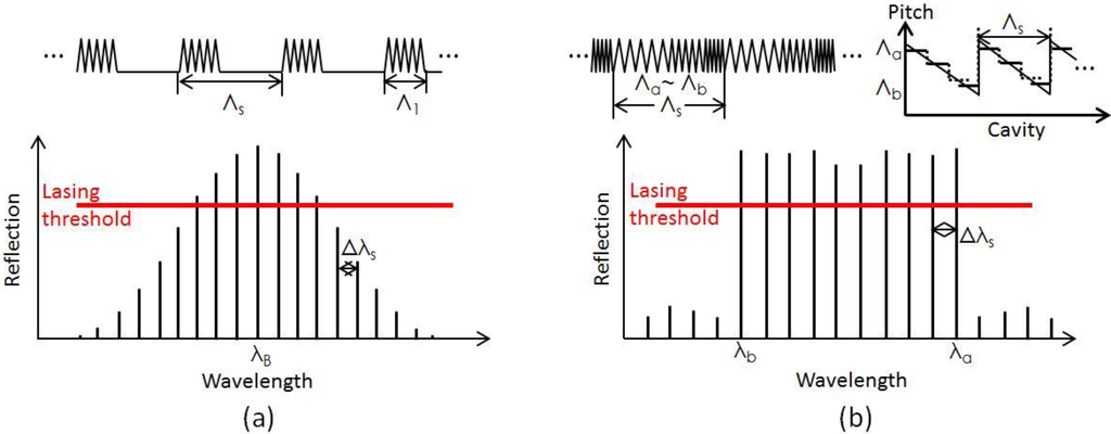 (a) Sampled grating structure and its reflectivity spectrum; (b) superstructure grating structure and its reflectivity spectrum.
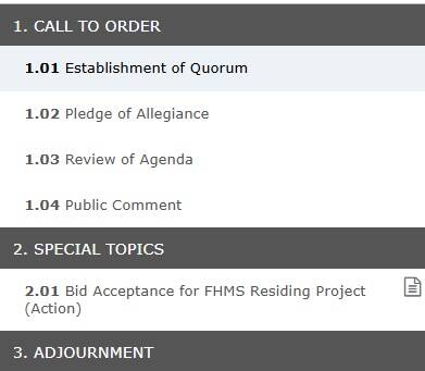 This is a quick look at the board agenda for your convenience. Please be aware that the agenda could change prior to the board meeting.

* * *

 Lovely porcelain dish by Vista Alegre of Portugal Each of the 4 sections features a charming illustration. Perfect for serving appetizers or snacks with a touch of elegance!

--

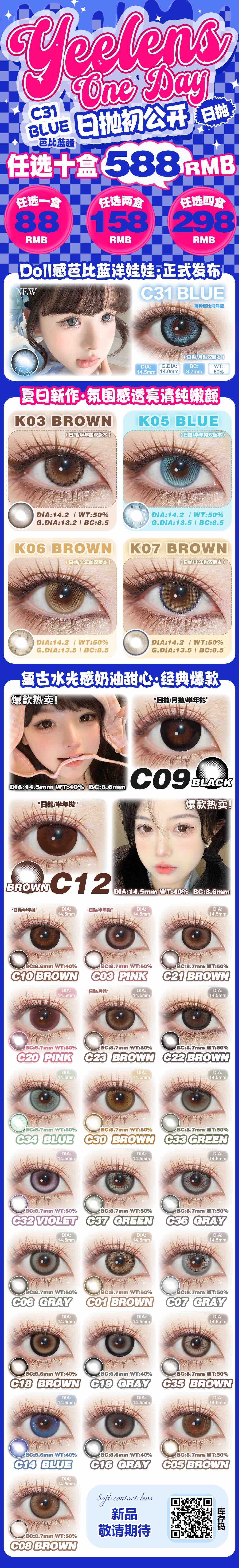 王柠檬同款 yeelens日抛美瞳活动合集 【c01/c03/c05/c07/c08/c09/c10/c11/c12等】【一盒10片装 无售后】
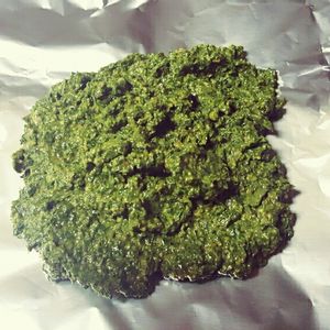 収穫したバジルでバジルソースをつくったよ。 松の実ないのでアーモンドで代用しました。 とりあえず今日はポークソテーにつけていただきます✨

### Directions
Where a picture appears in the records above, omit it, and transcribe exactly the stretch of lines from the one with "(a) Sampled grating" through the one with "This is a quick".

### Solved exercise
 (a) Sampled grating structure and its reflectivity spectrum; (b) superstructure grating structure and its reflectivity spectrum.
 This is a quick look at the board agenda for your convenience. Please be aware that the agenda could change prior to the board meeting.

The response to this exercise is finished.